Assignment: Leave the pictures out. Retype exactly the lines below from the one containing "Tamayo Tomatillo fruit" through the one containing "Figure: Use the", and no others.

Extracted data:
[Start of Attachment]

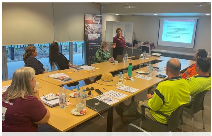
QRA Recovery staff presenting Disaster Funding Arrangements (DFA) training at Douglas Shire Council

The resilience and recovery team has recently delivered Disaster Funding Arrangements training to a number of councils including Western Downs Regional Council, Southern Downs Regional Council, Lockyer Valley Regional Council, Longreach Regional Council, Bundaberg Regional Council, Fraser Coast Regional Council and North Burnett Regional Council. This training helps build capacity within councils to develop further knowledge and understanding of the Disaster Recovery Funding Arrangements and the State Disaster Relief Arrangements.
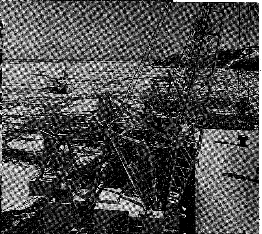
PORT OF ANCHORAGE WINTER OPERATIONS — ICEBREAKER APPROACHING DOCK THROUGH THE INLET'S EVER-SHIFTING WINTER ICE FLOES.
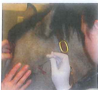
Treating horses presenting with headshaking, p 157
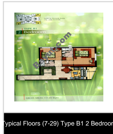
Typical Floors (7-29) Type B1 2 Bedroom
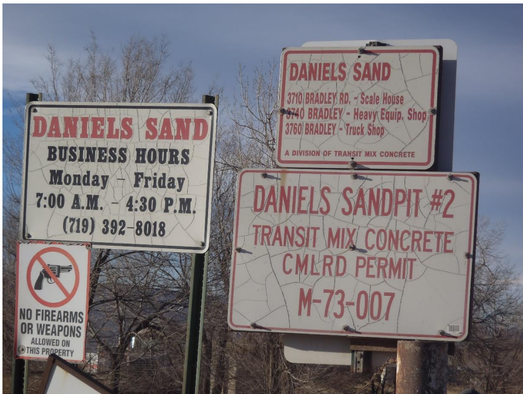
Photo 1. Permit sign at entrance.
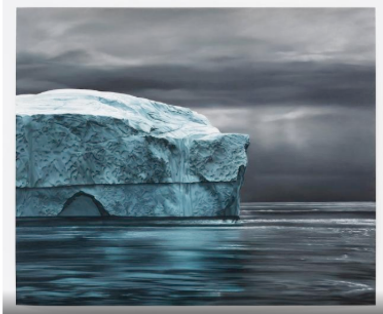
Greenland no.71, 50"x60", Soft pastel on paper, 2014 (Zaria Forman)
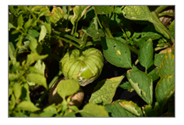
Tamayo Tomatillo fruit
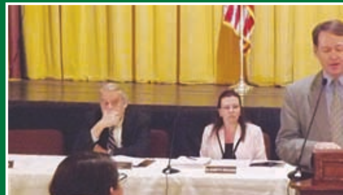
The Mayor's Inaugural Address
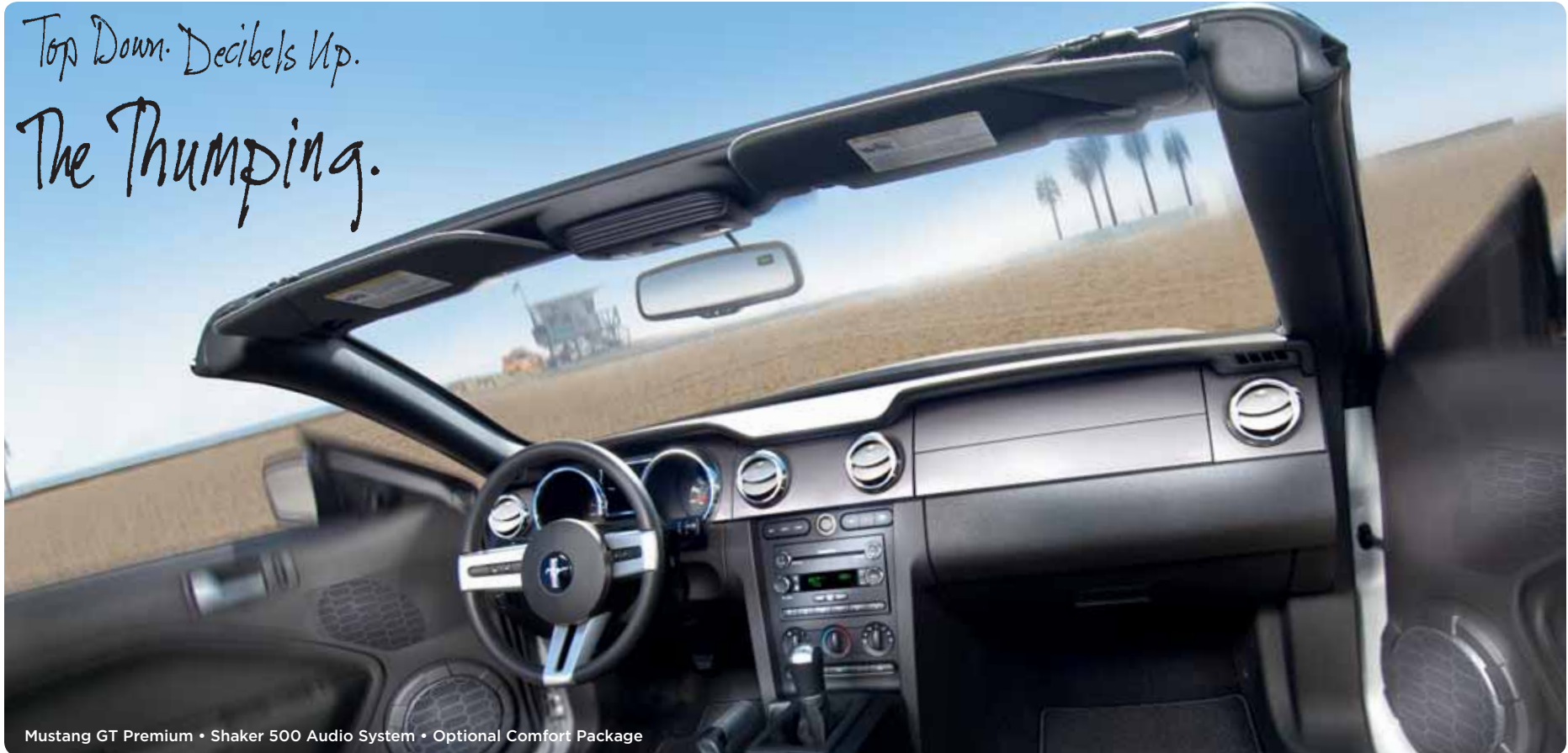
Mustang GT Premium • Shaker 500 Audio System • Optional Comfort Package
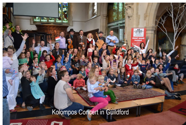
Kolompos Concert in Guildford
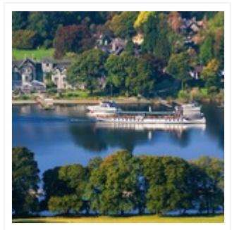
The Lakeside Hotel. Lake District
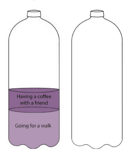
Figure: Use the empty bottle on the right to plan your day as in the example on the left

If you don't have enough energy to do everything you'd like to, think about which tasks or activities are your priorities. You could ask for help with some things, or do them on another day.

[End of Attachment]

Result for this exercise:
Tamayo Tomatillo fruit
The Mayor's Inaugural Address
Mustang GT Premium • Shaker 500 Audio System • Optional Comfort Package
Kolompos Concert in Guildford
The Lakeside Hotel. Lake District
Figure: Use the empty bottle on the right to plan your day as in the example on the left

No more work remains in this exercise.